▶ Your task:
Under this line are the records; write out word for word the part that begins at the line containing "Cobbled paths with" and ends at the line containing "This means 81.8%", and no more.

▶ Provided material:
__________
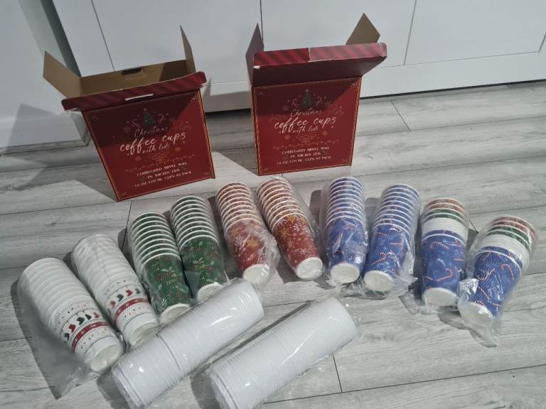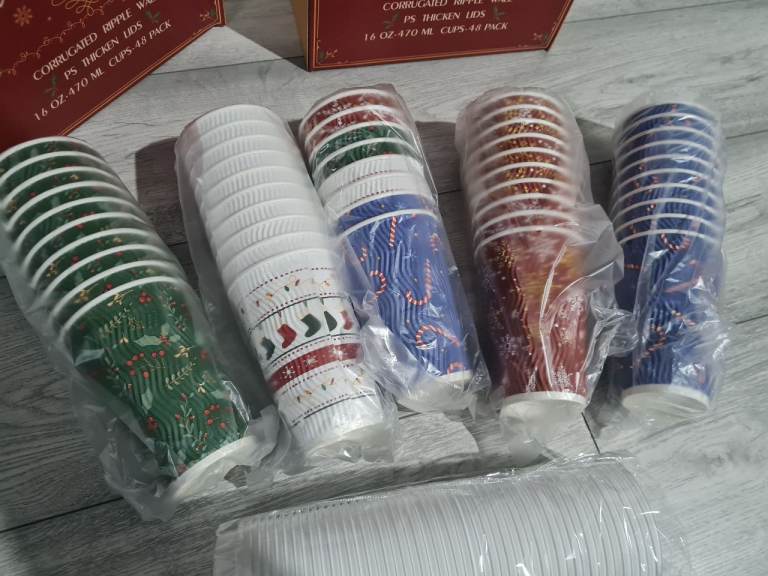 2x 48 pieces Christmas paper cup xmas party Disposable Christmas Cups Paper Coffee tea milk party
__________
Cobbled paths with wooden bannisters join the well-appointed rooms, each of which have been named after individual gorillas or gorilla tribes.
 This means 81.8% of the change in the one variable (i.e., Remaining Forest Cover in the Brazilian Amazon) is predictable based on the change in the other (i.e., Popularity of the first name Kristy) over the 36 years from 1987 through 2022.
__________
▶ Expected answer:
Cobbled paths with wooden bannisters join the well-appointed rooms, each of which have been named after individual gorillas or gorilla tribes.
 This means 81.8% of the change in the one variable (i.e., Remaining Forest Cover in the Brazilian Amazon) is predictable based on the change in the other (i.e., Popularity of the first name Kristy) over the 36 years from 1987 through 2022.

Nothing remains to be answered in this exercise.